MALIBU — A plan to bring a Santa Monica College satellite campus to Malibu moved a step closer to reality on Tuesday as the Malibu Public Facilities Authority approved the outline of a deal to build the campus on Los Angeles County-owned land in the city’s Civic Center.

The vote by the four-member panel, which is composed of two Malibu City Council members and two SMC trustees, clears the way for the college to finalize a deal for the facility with the county. Both the full SMC board and the county Board of Supervisors must sign off on the completed agreement.

The proposal calls for SMC to build a 20,000-square-foot college campus and a 5,700-square-foot Los Angeles County Sheriff’s substation.

County Supervisor Zev Yaroslavsky said the deal also requires the college facility to include a room equipped to become an emergency operations center in case of a disaster.

He said allowing the college building to double as a command center during emergencies will save money by eliminating the need for a separate Sheriff’s facility and was a linchpin of working out the deal.

“It works perfectly because the college is going to be closed as a college in the event of an emergency in Malibu,” Yaroslavsky said.

“The board of supervisors, I think, will see this as an innovative solution to a problem and one that will serve the interests of the county very well,” he said. “It’s not going to be that expensive to us and I have no doubt that the board will approve it.”

Terms of the tentative agreement have not been finalized, but the arrangement is expected to involve the college agreeing to a long-term lease of the county land.
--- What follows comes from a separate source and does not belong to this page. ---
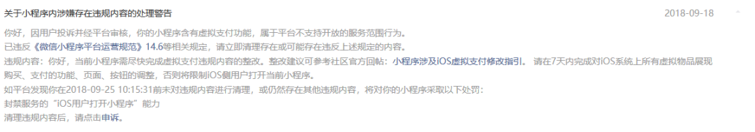 在9月18日收到关于Ios支付的问题通知,警告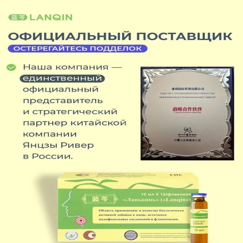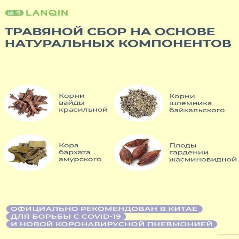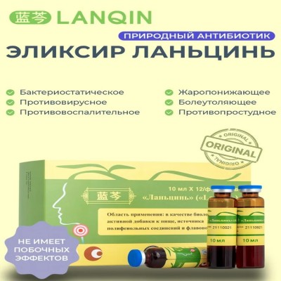 В упаковке 12 флаконов В КНР Ланьцинь включен в «Программу профилактики новой коронавирусной пневмонии методами традиционной китайской медицины». Официально рекомендован в Китае для борьбы с COVID–19, в том числе с осложнениями (когда к вирусу присоединяется бактериальная инфекция).

The expected cost of the lease was not released on Wednesday.

The facilities will be funded with $25 million raised from a $135 million bond measure voters approved in 2004.

Malibu and SMC officials praised the MPFA’s vote, saying the new campus would result in improved educational opportunities for residents of Malibu.

“Malibu contributes a lot of the tax dollars for the district and they really shouldn’t have to drive 25 miles to come to the facilities,” said Rob Rader, an SMC trustee who also sits on the joint powers authority.

Yaroslavsky said the addition of a needed Sheriff’s substation on the Pacific Ocean side of the Santa Monica Mountains complements the plan to expand SMC’s offerings.

“The Malibu community will doubly benefit from expanded educational opportunities and enhanced public safety and emergency services, while Santa Monica College and our Sheriff’s department will be able to advance their policy and public service missions as partners and joint tenants,” he stated in a news release.

This semester, the college boosted its presence in Malibu, offering credited classes there for the first time in 20 years. Six SMC classes in art, English, geography, photography and psychology are being offered at Webster Elementary School, with nearly 130 students enrolled, the college said.

It could be years before construction of the campus begins, but Don Girard, SMC’s senior director of government relations, said he expects the agreement between SMC and the county to receive final approval within three months. He said public meetings to discuss the project’s design should begin this year.